= GIVEN MATERIAL =
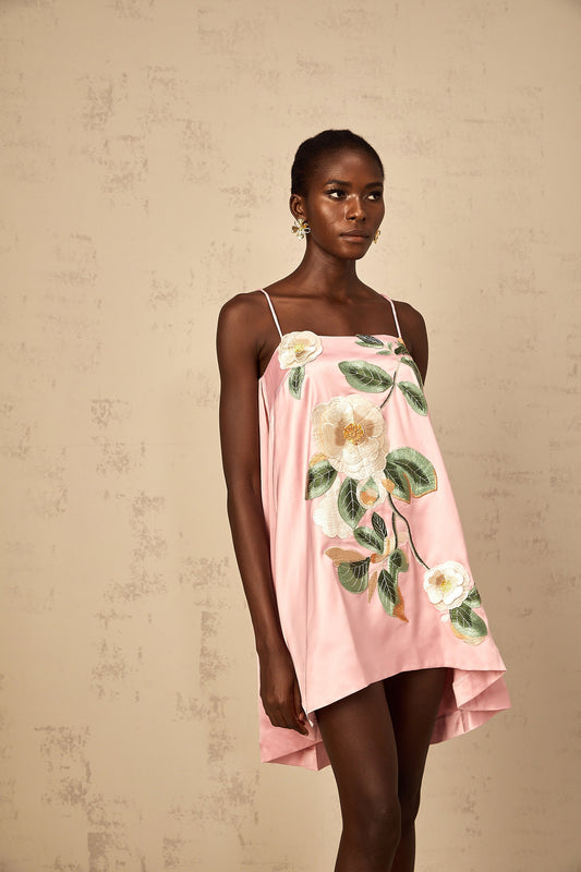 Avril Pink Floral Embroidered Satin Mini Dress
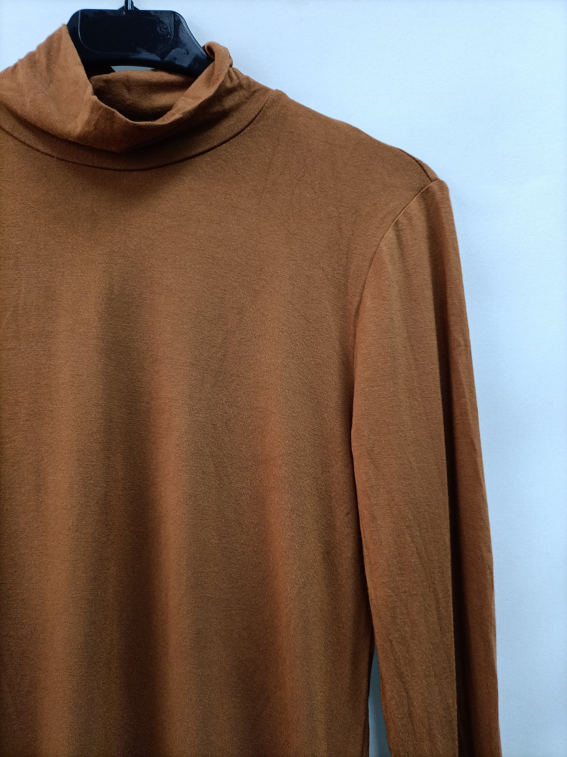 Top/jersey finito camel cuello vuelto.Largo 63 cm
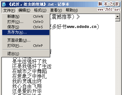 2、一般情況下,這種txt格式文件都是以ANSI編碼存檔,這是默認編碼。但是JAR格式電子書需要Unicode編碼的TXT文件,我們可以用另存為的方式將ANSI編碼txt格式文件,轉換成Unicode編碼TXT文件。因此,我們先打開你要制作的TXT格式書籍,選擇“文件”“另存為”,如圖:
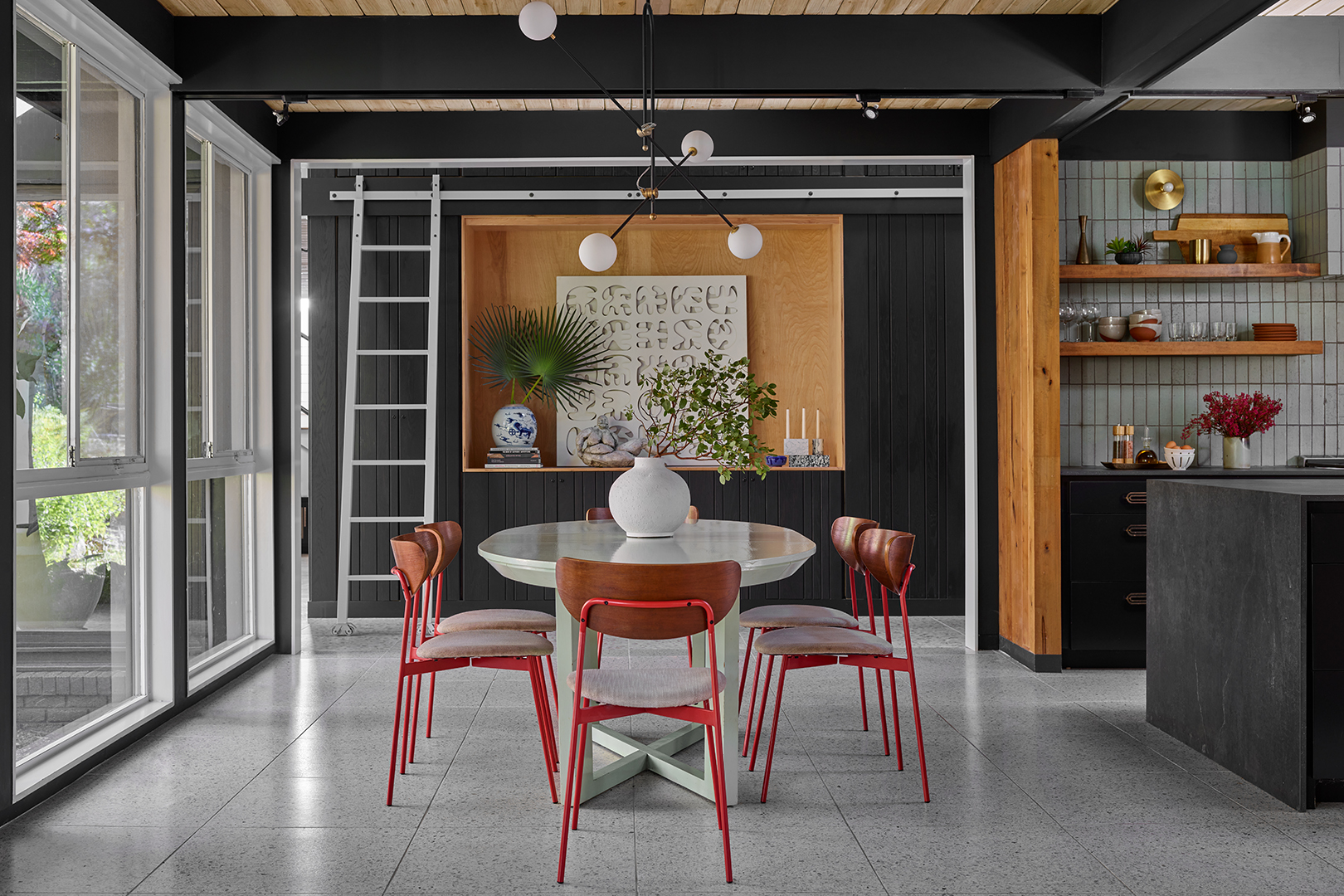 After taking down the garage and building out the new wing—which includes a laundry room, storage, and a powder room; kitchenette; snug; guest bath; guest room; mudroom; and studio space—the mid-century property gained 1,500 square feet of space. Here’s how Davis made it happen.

= WHAT YOU NEED TO DO =
Your copy should begin at the line containing "2、一般情況下,這種txt格" and end at the last line of the data above, matching each line exactly and holding no pictures.

= RESPONSE TO THIS EXERCISE =
 2、一般情況下,這種txt格式文件都是以ANSI編碼存檔,這是默認編碼。但是JAR格式電子書需要Unicode編碼的TXT文件,我們可以用另存為的方式將ANSI編碼txt格式文件,轉換成Unicode編碼TXT文件。因此,我們先打開你要制作的TXT格式書籍,選擇“文件”“另存為”,如圖:
 After taking down the garage and building out the new wing—which includes a laundry room, storage, and a powder room; kitchenette; snug; guest bath; guest room; mudroom; and studio space—the mid-century property gained 1,500 square feet of space. Here’s how Davis made it happen.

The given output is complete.